PURPOSE: Achieving sustained on- and off-treatment disease control is an important therapeutic goal in atopic dermatitis (AD). This study evaluated achievement of off-treatment disease control in patients randomized to p...PURPOSE: Achieving sustained on- and off-treatment disease control is an important therapeutic goal in atopic dermatitis (AD). This study evaluated achievement of off-treatment disease control in patients randomized to placebo following 12 weeks of abrocitinib 200 mg. MATERIALS AND METHODS: In the phase 3 JADE REGIMEN study, patients with moderate-to-severe AD who achieved Investigator's Global Assessment (IGA) of 0/1 (with ≥2 grades of improvement) and ≥75% improvement in Eczema Area and Severity Index (EASI) after 12 weeks of abrocitinib 200 mg were randomized (1:1:1) to placebo, abrocitinib 100 mg, or abrocitinib 200 mg for 40 weeks. This post-hoc analysis evaluated patients by flare status (protocol flare definition: ≥50% loss of initial EASI post-randomization response and IGA score ≥2). EASI, IGA, Peak Pruritus Numerical Rating Scale (PP-NRS), and Dermatology Life Quality Index (DLQI) were evaluated.
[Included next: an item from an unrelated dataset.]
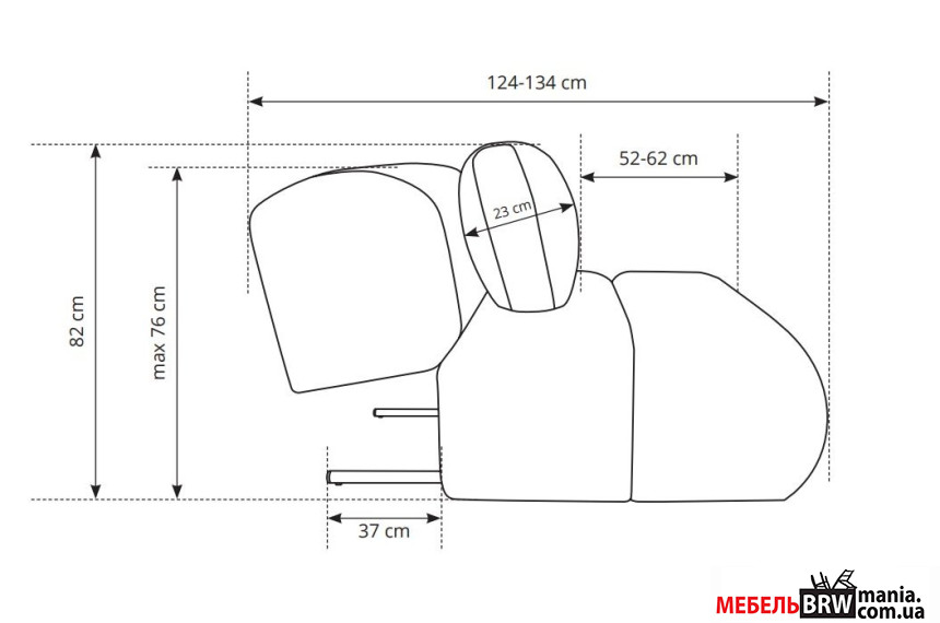 - Габариты кресла (Д×Г×В) – 98 × 134 × 82 см.

RESULTS: There were no off-treatment flares in 21.3% of patients in the placebo arm. The no-flare group had EASI, IGA, PP-NRS, and DLQI mean scores indicating clear/mild AD at week 52 (2.9, 1.0, 2.6, and 3.5, respectively). CONCLUSIONS: After 12 weeks of abrocitinib 200 mg, some patients achieved 40 weeks of sustained off-treatment disease control, with assessments demonstrating clear/mild AD, suggesting attainment of disease remission. TRIAL REGISTRATION: NCT03627767.